# [Problem to solve]
With both ends included, repeat exactly the lines of the entries below from the one containing "LIECHTENSTEIN: Joseph Wenzel, 1748-1772, AR" down to the one containing "Adorable red Burmese", and no others.

# [Source data]
▶
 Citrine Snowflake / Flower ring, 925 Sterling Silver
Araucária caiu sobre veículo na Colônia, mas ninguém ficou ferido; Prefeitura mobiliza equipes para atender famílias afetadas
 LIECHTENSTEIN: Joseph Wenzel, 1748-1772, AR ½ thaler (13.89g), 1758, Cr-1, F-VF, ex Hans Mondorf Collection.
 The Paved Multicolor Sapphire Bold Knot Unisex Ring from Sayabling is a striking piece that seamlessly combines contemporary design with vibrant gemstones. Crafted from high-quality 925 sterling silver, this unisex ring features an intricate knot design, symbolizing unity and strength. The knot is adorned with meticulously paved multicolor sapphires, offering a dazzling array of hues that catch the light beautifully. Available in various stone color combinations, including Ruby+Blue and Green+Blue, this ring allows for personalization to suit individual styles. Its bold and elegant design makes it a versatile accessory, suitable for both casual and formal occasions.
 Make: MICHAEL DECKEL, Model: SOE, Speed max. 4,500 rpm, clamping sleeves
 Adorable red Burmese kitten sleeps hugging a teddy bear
◀
▶
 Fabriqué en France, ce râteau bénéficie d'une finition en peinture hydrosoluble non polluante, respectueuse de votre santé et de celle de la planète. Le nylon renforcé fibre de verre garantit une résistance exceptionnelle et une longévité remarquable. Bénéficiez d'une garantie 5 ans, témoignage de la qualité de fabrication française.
◀
# [Result of this task]
 LIECHTENSTEIN: Joseph Wenzel, 1748-1772, AR ½ thaler (13.89g), 1758, Cr-1, F-VF, ex Hans Mondorf Collection.
 The Paved Multicolor Sapphire Bold Knot Unisex Ring from Sayabling is a striking piece that seamlessly combines contemporary design with vibrant gemstones. Crafted from high-quality 925 sterling silver, this unisex ring features an intricate knot design, symbolizing unity and strength. The knot is adorned with meticulously paved multicolor sapphires, offering a dazzling array of hues that catch the light beautifully. Available in various stone color combinations, including Ruby+Blue and Green+Blue, this ring allows for personalization to suit individual styles. Its bold and elegant design makes it a versatile accessory, suitable for both casual and formal occasions.
 Make: MICHAEL DECKEL, Model: SOE, Speed max. 4,500 rpm, clamping sleeves
 Adorable red Burmese kitten sleeps hugging a teddy bear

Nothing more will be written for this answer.